A couple of weeks ago I saw a tiny item in some newspaper or other about a preacher browsing through the book department of a big chain discount store. He noticed that they had placed the Bibles in the “Fiction” section, and he took offense. The store apologized profusely and fell all over itself to right this supposed wrong.
But was it such a wrong? In one sense, no, if by fiction we mean something that arises in the human imagination rather than something established as historical fact.
Very little of the Bible is about something that happened in history. From Adam and Eve to the Four Horsemen of the Apocalypse, the stories come forth to give us a meaningful worldview and promote a blessed way of life, but if we insist that it all really happened as described, we are, in my opinion, in real trouble.
In fact, I suspect one reason religion is losing its hold on people these days is because, in the face of readily available evidence to the contrary, the historical accuracy of the Bible has been insisted upon too often and too strongly.
Whether it’s the story of Moses, the main figure of the Hebrew Scriptures, or Jesus, the main figure of the Christian writings, the Bible gives us very little if anything that can be considered factual. Lo and behold, important scholars these days go so far as to say that Moses and Jesus probably never lived in the flesh on earth but are composite figures generated by oral traditions, that is to say they come to us by way of traditional stories handed down and added to over many generations.
Whatever is true about that, I feel the preacher in the department store was right to get the Bibles taken out of the Fiction section, not because the Bible is mainly factual, but because there is an important difference between fiction and myth. Myths are grand stories that arise from the life and culture of a people. They try to explain the unexplainable, establish foundations for understanding life, and form a basis for ethical behavior. So, to my mind, the important thing is not how factual a Bible story might be, but what the story tells us about the meaning of the world and how to live in it.
Now let’s look at the Christmas story. An angel speaks to a young woman telling her she will have a special child. At the birth, a star moves across the sky to lead philosophers to the place. Choirs of angels sing to shepherds out in the fields. The child is born in a stable, is laid in a manger, and his mother looks down upon him and ponders all that has happened.
It’s beautiful. It’s wonderful. And almost all of it is grounded in myth. It fits right in with other ancient stories of special births, many of which are also beautiful and wonderful. The Christmas story projects a tenderhearted view of things, a warm and peaceful place in a cold and hostile world, a sense of the ultimate worth of loving connections. It’s good to have a story like that in a world like this.

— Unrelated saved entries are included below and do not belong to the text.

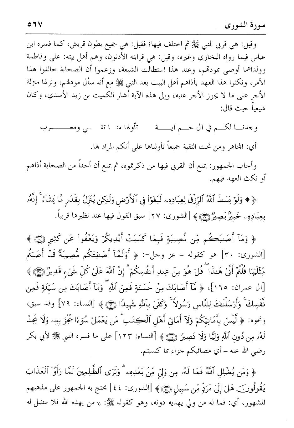وقيل: هي قربى النبي صلّى الله عليه وسلّم ثم اختلف فيها؛ فقيل: هي جميع بطون قريش، كما فسره ابن عباس فيما رواه البخاري وغيره، وقيل: هي قرابته الأدنون، وهم أهل بيته: علي وفاطمة وولداهما أوصى بمودتهم، وعند هذا استطالت الشيعة، وزعموا أن الصحابة خالفوا هذا الأمر، ونكثوا هذا العهد بأذاهم أهل البيت بعد النبي صلّى الله عليه وسلّم مع أنه سأل مودتهم، ونزلها منزلة الأجر على ما لا يجوز الأجر عليه، وإلى هذه الآية أشار الكميت بن زيد الأسدي، وكان شيعيا حيث قال: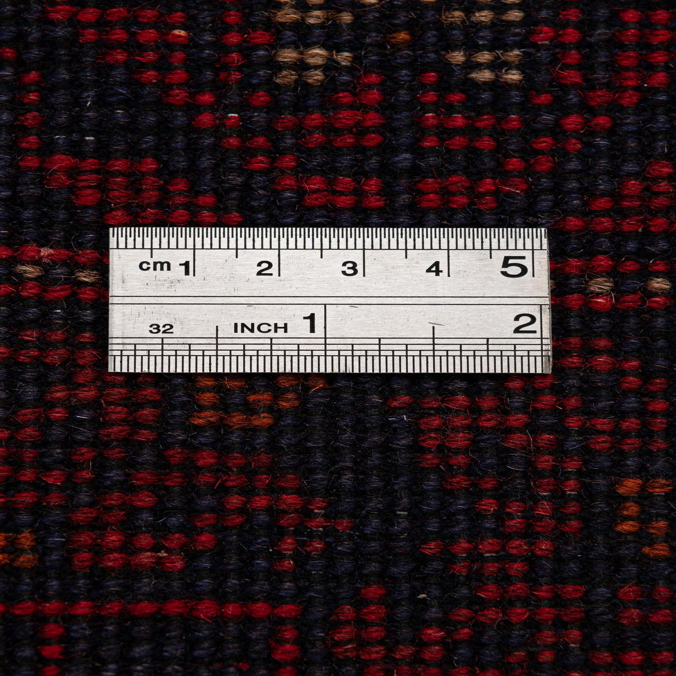 Primary color is Red. Colors in this rug include: Red, Brown, Navy Blue.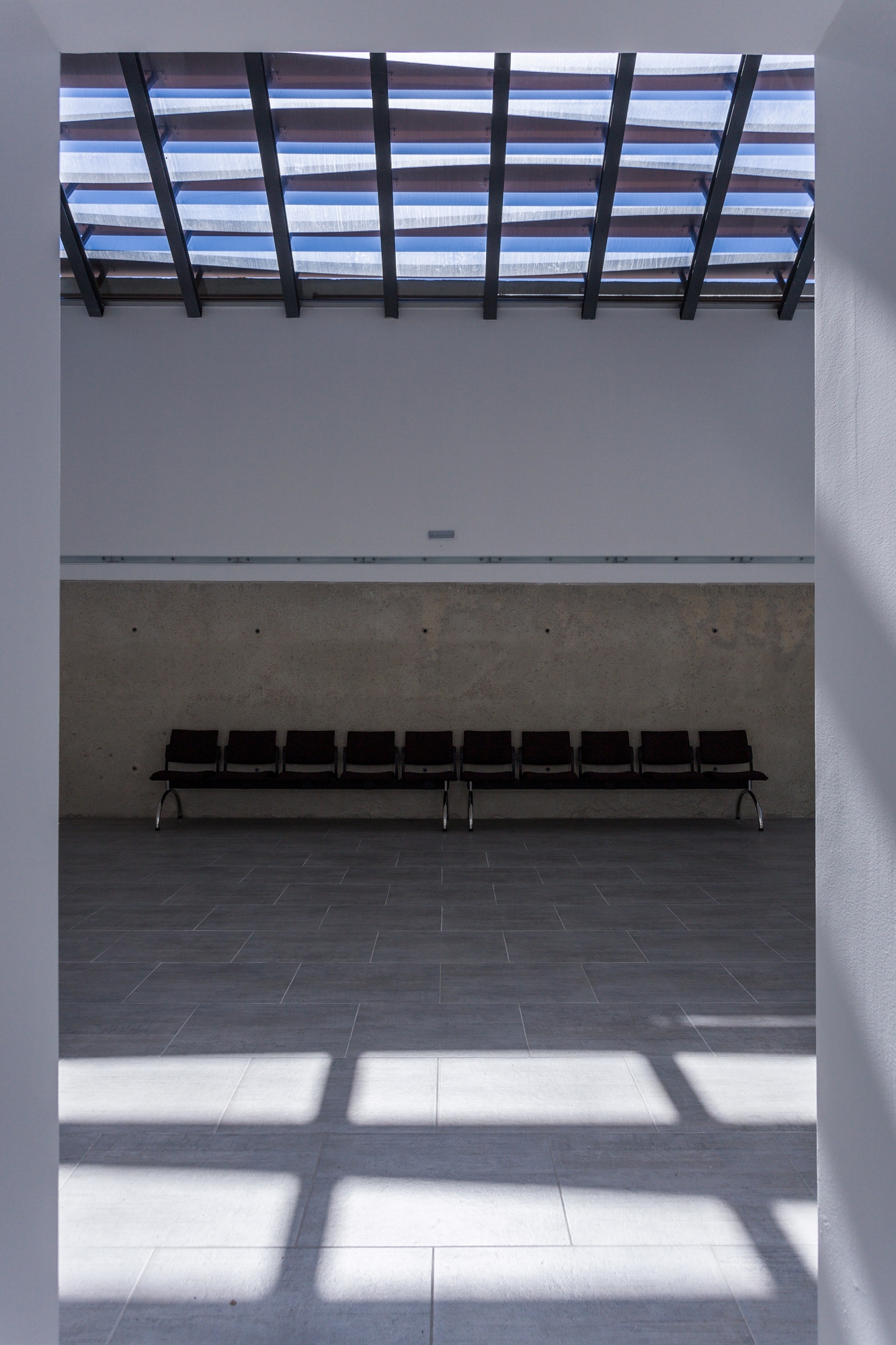 The site is a pine wood on the outskirts of a little town, the building is placed in its southern limit to define a new urban edge with a monumental architectural character. The public access is on the west side at the end of a pedestrian path coming from the urban area and leading into a hall space oriented South that articulates circulations to funeral parlors and restrooms.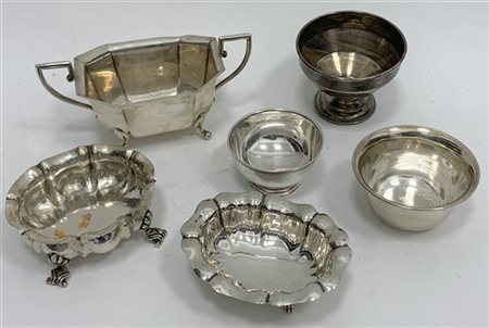 Lotto composto da sei alzate di diversa fattura in argento (g 600 ca.)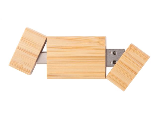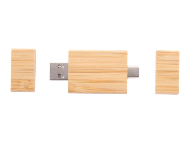 OTG USB flash drive in bamboo housing with 4/8/16/32 GB memory. With USB and USB-C connections. In kraft paper bag. USB 2.0.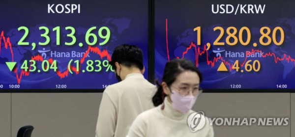 이날 코스피는 전장보다 43.04포인트(1.83%) 하락한 2,313.69로 마감했다.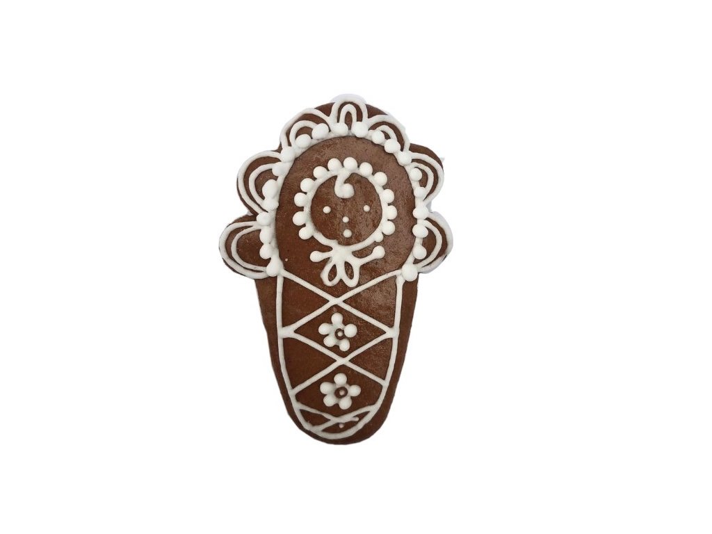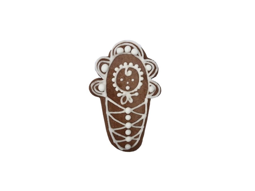 Složení: pšeničná mouka, cukr, med, máslo, vejce, jedlá soda, perníkové koření, kakao, poleva (cukr, bílek, citrónová šťáva, příp. potravinářské barvivo)

The other night, some 30 of us senior citizens were singing Christmas carols in a majestic high ceilinged chapel. The notes of those glorious tunes rose up from our throats, reverberated off the walls, and swirled among us with vitality and grace. All of us had seen a lot of life. Pains and sorrows had come upon everyone there. Still the sound of our singing was strong, deep, and full.
We sang about those angels and wise men, those shepherds and their sheep, that mother and her child. And the old story came once again to comfort us, to strengthen us, to bolster our spirits, to bring goodness into our hearts. It mattered not a wit that most of what we sang about didn’t happen in the world as we now understand it.
It was clear that a story, even a Bible story, need not be about something that happened in order to speak true.
Bob Jones is the former minister of the Gueneville and Monte Rio Community Churches.